My dissertation project, which re-envisions avian evolution using a map-based metaphor, is viewable here (spring 2012)
This pdf is my contribution to Blituri: a group course project on the remediation of expression by changing writing technologies.
Diachronic Analysis of Writing Technologies (fall 2008)
This graphic, illustrating historical shifts in expression within different societies, was developed as a course assignment.
Walter Ong’s Orality and Literacy is an influential publication in the field of Texts and Technology. It explores the psychological, social, and expressive changes that occur as a result of changing writing technologies. Ong defines four stages in expression within societies: primary orality, scribal culture, print culture, and secondary orality (a mix of print and oral cultures arising from interactive electronic technologies).
This class assignment was to represent these shifts in a timeline form. While Ong primarily focuses on Western cultures in his book, I chose to incorporate developments in other regions into my graphic.
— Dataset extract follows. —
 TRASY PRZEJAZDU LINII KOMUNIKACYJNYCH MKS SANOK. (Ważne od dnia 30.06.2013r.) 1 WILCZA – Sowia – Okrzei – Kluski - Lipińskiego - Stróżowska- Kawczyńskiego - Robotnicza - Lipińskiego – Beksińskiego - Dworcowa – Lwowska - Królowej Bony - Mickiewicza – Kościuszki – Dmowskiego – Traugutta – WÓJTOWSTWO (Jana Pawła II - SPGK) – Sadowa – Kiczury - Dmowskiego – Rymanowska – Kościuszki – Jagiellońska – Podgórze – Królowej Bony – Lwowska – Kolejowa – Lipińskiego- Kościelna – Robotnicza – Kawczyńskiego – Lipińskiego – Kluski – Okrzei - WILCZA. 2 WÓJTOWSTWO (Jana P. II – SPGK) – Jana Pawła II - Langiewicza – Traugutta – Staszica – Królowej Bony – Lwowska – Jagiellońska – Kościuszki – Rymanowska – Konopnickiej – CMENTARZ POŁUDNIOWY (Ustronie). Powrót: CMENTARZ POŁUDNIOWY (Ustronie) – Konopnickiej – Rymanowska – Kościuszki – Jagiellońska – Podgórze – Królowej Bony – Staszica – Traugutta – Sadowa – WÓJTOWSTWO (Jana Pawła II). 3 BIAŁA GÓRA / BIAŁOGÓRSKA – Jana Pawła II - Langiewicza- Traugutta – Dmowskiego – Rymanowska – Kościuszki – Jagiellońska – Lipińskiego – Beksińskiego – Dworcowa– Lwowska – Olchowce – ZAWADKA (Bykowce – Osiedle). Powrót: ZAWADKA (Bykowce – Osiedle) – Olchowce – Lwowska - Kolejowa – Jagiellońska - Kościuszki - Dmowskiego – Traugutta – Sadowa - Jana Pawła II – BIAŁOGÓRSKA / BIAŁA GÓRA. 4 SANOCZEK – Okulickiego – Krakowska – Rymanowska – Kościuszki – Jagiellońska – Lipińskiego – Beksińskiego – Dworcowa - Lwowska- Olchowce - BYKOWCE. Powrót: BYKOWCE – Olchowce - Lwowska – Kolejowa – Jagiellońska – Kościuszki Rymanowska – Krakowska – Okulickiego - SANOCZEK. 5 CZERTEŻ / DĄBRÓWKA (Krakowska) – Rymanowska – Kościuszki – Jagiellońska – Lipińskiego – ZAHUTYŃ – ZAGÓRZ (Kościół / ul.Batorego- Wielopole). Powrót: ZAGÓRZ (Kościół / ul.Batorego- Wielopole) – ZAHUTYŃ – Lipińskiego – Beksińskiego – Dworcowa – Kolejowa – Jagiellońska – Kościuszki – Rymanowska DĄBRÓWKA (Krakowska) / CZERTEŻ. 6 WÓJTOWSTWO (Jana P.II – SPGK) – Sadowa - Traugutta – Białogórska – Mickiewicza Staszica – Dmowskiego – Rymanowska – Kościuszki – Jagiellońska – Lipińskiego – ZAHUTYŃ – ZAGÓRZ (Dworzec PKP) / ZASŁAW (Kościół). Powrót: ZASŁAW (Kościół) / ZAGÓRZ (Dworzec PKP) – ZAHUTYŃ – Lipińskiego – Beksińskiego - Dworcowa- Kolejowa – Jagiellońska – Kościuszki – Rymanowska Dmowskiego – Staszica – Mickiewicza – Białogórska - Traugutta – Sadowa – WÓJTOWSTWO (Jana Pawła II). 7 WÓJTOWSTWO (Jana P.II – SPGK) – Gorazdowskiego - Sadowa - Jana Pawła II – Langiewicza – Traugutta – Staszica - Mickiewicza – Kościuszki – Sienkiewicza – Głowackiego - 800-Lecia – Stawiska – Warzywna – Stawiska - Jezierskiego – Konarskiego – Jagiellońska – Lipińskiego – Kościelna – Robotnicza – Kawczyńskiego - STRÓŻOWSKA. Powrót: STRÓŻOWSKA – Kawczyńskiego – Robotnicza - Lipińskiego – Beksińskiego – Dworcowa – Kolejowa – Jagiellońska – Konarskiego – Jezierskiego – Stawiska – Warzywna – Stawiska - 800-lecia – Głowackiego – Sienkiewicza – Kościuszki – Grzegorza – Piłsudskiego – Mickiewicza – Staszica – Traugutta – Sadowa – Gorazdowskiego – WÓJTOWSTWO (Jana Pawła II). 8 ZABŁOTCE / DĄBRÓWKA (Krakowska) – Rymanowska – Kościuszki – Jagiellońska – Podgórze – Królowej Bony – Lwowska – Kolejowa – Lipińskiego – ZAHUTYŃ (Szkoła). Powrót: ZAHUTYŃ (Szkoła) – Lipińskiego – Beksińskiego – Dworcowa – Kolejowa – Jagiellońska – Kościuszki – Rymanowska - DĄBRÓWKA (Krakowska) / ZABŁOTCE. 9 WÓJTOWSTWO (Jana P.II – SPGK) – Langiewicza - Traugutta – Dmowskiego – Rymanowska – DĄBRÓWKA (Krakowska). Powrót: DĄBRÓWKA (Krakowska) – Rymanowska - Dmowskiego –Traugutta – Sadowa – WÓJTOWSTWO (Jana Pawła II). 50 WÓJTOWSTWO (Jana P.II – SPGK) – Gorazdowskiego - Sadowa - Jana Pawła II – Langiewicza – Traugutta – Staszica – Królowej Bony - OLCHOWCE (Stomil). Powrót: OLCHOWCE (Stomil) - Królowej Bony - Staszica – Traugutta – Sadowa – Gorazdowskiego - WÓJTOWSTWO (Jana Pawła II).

Dates in the timeline are approximate. (Below is a snapshot of the timeline; for the entire file as a pdf, click here.)
Pacific island ecology conceptual models (2004-06)
The following conceptual models were created from 2004-2006 while I was employed by the National Park Service for the Inventory and Monitoring Program. These images can be found in the Pacific Island Network monitoring plan.
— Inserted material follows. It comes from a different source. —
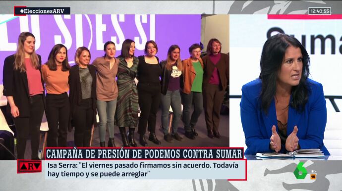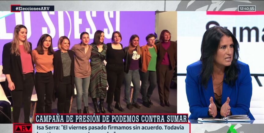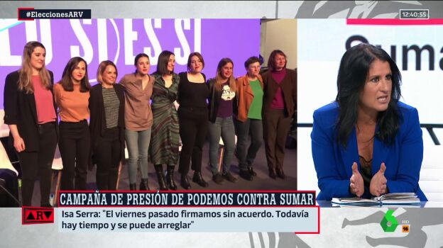 "La actitud de Podemos resta a Sumar". La periodista ha indicado en Al Rojo Vivo que las discrepancias que han hecho públicas no van a beneficiarles de cara a las elecciones generales del 23 de julio.

Anchialine pools are unique brackish-water ecosystems found in Hawaii. They are fed by both fresh and salty groundwater seeping through porous rock, and their water level fluctuates with the tides.
Anchialine pools provide habitat to several unique species of plants and animals, including threatened damselflies and shrimp. They are also an important traditional cultural resource, because they often provide the only reliable source of fresh water in dry, rocky coastal plains.
Today, these pools are threatened by polluted groundwater, coastal development, excessive pumping of groundwater, and invasive species which threaten their delicate ecological balance.
Damselflies and predation:
The aquatic larvae of native Hawaiian damselflies have evolved over millions of years to escape from native stream fish by swimming away from stream bottoms, where the native fish feed.
However, invasive introduced fish have different feeding strategies: when damselfly larvae try to escape them by swimming upward, the fish follow and eat them. This is one of the major reasons why damselflies are threatened in Hawaiian streams.
Pacific Island ecosystems:
Contrary to popular images of Pacific islands consisting of only sandy beaches or wet lowland forests, there is a huge diversity of climate and ecosystem types. The major factors that determine what types of ecosystem exist on an island are the island’s elevation and the direction that the rain-bringing trade winds come from.
This diagram shows the many types of ecosystems that can be found on Pacific islands. While not all islands have all ecosystems, the tallest islands of Hawaii and Maui have most of them.